AMENDED AND RESTATED STOCK INCENTIVE PLAN
RESTRICTED STOCK AGREEMENT

        RESTRICTED STOCK AGREEMENT, made as of the date set forth on the Notice
of Grant of Restricted Stock, and hereby amended as of September 13, 2004, by
and between UST Inc., a Delaware corporation (the “Company”), pursuant to the
Amended and Restated Stock Incentive Plan (the “Plan”) and the employee of the
Company or a Subsidiary named on the Notice of Grant of Restricted Stock (the
“Employee”);

        WHEREAS, the Company desires, by affording the Employee the opportunity
to acquire or enlarge the Employee’s ownership of shares of the Company’s common
stock, $.50 par value (“Common Stock”), providing the Employee with a direct
proprietary interest in the Company’s success, to carry out the purpose of the
Plan; and

        WHEREAS, the Committee administering the Plan has granted (as of the
effective date of grant specified in the Notice of Grant of Restricted Stock) to
the Employee the shares of Restricted Stock as set forth in the Notice of Grant
of Restricted Stock.

        NOW, THEREFORE, in consideration of the mutual covenants hereinafter set
forth and for other good and valuable consideration, the parties hereto have
agreed and do hereby agree as follows:

        1. Grant of Award. Pursuant to Section 7 of the Plan, the Company grants
to the Employee, subject to the terms and conditions of the Plan and subject
further to the terms and conditions set forth herein, the number of shares of
Restricted Stock as shown on the Notice of Grant of Restricted Stock. The
Participant’s grant and record of Restricted Stock share ownership shall be kept
on the books of the Company until the restrictions on transfer have lapsed. At
the Employee’s request, vested shares may be evidenced by stock certificates.

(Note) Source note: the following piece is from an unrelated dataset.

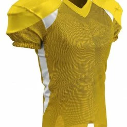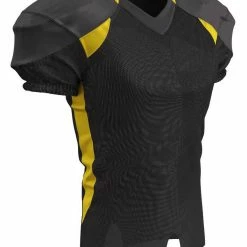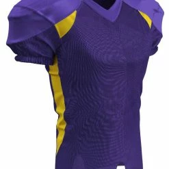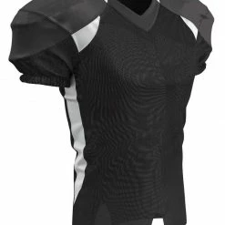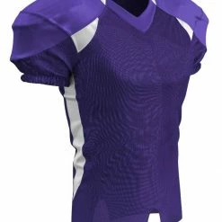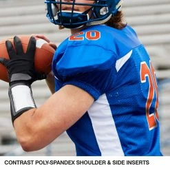 The Champro Huddle Custom Football Jersey is designed with 100% stretch polyester for superior mobility and a great fit on the field. Double ply yoke, upper sleeves and neck plus bar-tacked stress points +increases the durability for all season use. The full length body with motion vents enhances breathability while ensuring your jersey stays tucked in. Color contrast sides, back neck and front inserts to a fast look on the gridiron. Customize yours now!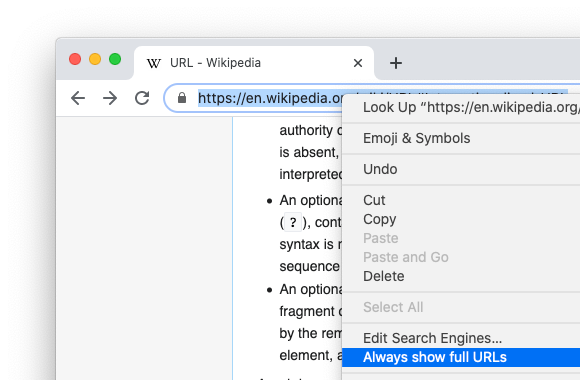 在 Chrome 86 中,谷歌将会对新特性进行灰度测试。被选中的 Chrome 86 用户在使用浏览器时会看到地址栏不显示完整 URL,而是仅显示域名。这时他们有两种选择,一是将鼠标悬停至地址栏时会显示完整 URL 并加入了悬浮动画;二是可以在 URL 处点击右键并在弹出的菜单中选择“始终显示完整 URL”,启用后所访问的网站均显示完整 URL。

        2. Vesting. The shares of Restricted Stock granted to the Employee shall
vest in accordance with the vesting conditions set forth in the Notice of Grant
of Restricted Stock. Such vesting conditions indicate the conditions under and
date upon which the Employee shall be entitled to receive shares of freely
transferable Common Stock equal to the number of vested shares of Restricted
Stock, provided that, as of the vesting date, the Employee has not incurred a
termination of service with the Company and all Subsidiaries (collectively, the
Company and its Subsidiaries shall be referred to herein as the “Company”).
There shall be no proportionate or partial vesting in the periods between the
vesting date(s), if any, specified in the Notice of Grant of Restricted Stock
and all vesting shall occur only on such vesting date(s), except as set forth in
Section 8 below.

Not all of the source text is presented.